With a strong musical background, I gained music scholarships, improving my opportunities far beyond my parents’ financial means, culminating in acceptance to Harvard. For me, musical training became the answer to accessing opportunity and moving closer to the American Dream.

The reality for many, however, is that the dream is out-of-reach. Each day, 7,000 students drop out of high school and an education gap has led to a glaring skills gap. According to Opportunity Nation Steering Committee Member America’s Promise Alliance, American businesses currently demand 97 million middle- and high-skill employees – but only 45 million Americans have the necessary skills to do the work.

My story is a success, but it need not be the exception. Music, one type of vocational training, has shown me how often doors open because of all a solid skill-set. I became an Opportunity Nation Scholar because my experience has given me insight into the problems with education systems, potential solutions for which to advocate and a drive to make success stories like mine the rule.

The current youth unemployment crisis cannot be resolved merely by improving traditional education. Across the world, governments and private organizations are increasingly looking toward career and technical education and a better integration of the classroom into the workplace as the means of bridging the gap between inadequate schooling and good jobs. I, for one, can speak of the benefits that arise from on-the-job training, having used music to escape the limitations of a lackluster education.

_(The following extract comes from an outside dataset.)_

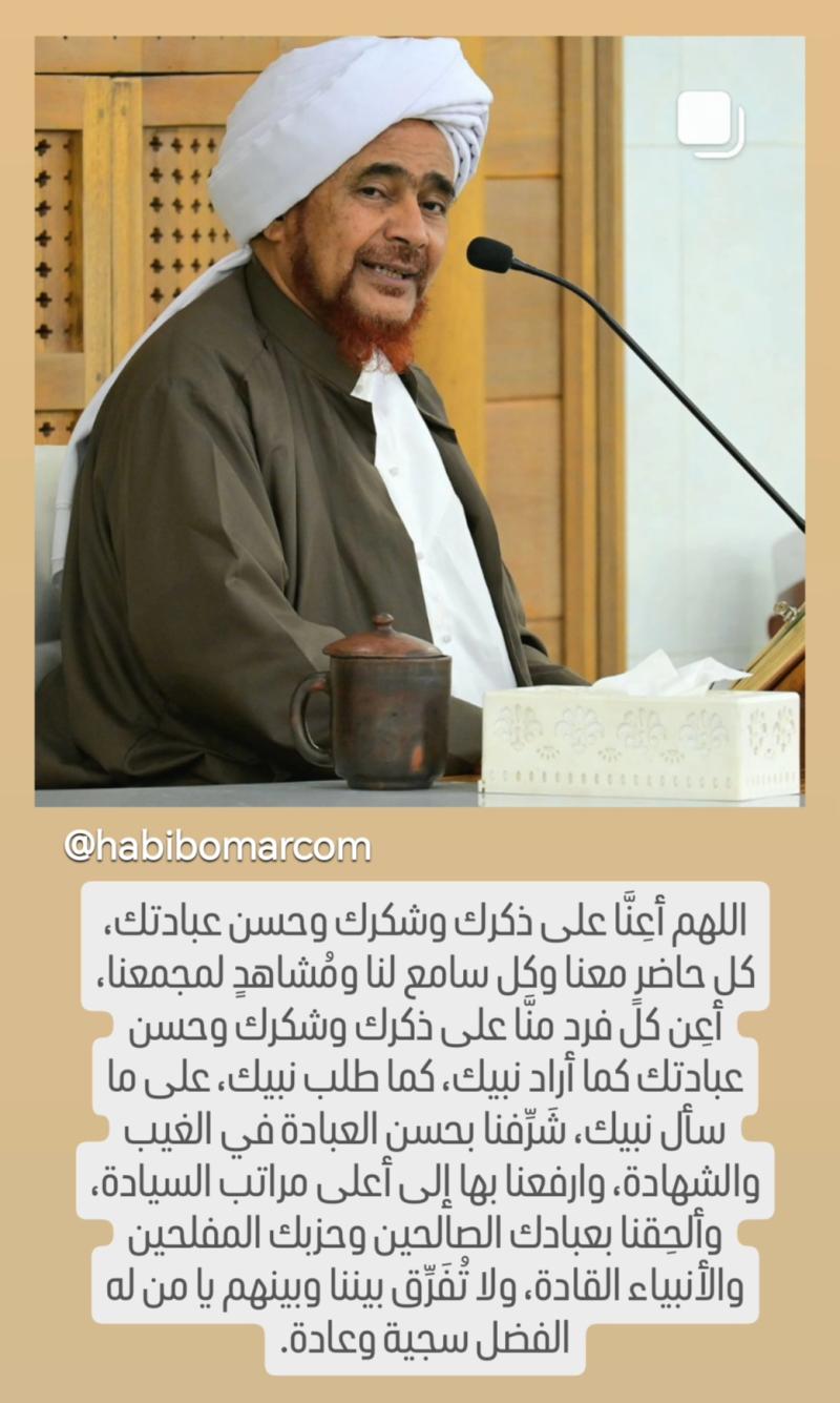 اللهم أعِنَّا على ذكرك وشكرك وحسن عبادتك، كل حاضرٍ معنا وكل سامع لنا ومُشاهدٍ لمجمعنا، أعِن كل فرد منَّا على ذكرك وشكرك وحسن عبادتك كما أراد نبيك، كما طلب نبيك، على ما سأل نبيك، شَرِّفنا بحسن العبادة في الغيب والشهادة، وارفعنا بها إلى أعلى مراتب السيادة، وألحِقنا بعبادك الصالحين وحزبك المفلحين والأنبياء القادة، ولا تُفَرِّق بيننا وبينهم يا من له الفضل سجية وعادة.

Many of the skills required by companies are not easily suited to traditional methods of teaching. Effective professors have had to find innovative approaches. CS51, an introductory course in computer science at Harvard, almost exclusively uses code examples to teach students how to write their own programs. Students are then given weekly problem sets, such as creating a search-engine, a sound-file converter or a programmatic calculator. These are all real-world problems that could be tackled in a work environment that is better suited to teamwork and integrated learning out of the way of the high-pressured, competitive classrooms of America’s universities. In other words, we learn these skills in an environment that is conducive to a different kind of learning from that of the traditional classroom.

Don’t get me wrong. There is still a place for traditional education. But everybody may not choose it. The goal of a dynamic education system should be to allow everyone to thrive and to realise his or her full potential. Allowing young adults the option between traditional liberal arts education and career and vocational training gives students an opportunity to find the fit that’s right for them.

So let’s reform the way we think about education and invest in on-the-job training and multiple pathways to secure good jobs, as outlined in Opportunity Nation’s Shared Plan. Let’s create apprenticeships and bridge the gap between school and work. Let’s urge employers to provide that training, through subsidies, legislation and advocacy. Let’s all do our part to create an environment that will allow companies to better match unemployed youth to jobs, and in the process, create a healthier and more sustainable society that will once again, make the American Dream a reality for more young adults.


Christian Haigh

Christian Haigh is a sophomore at Harvard University and an Opportunity Scholar.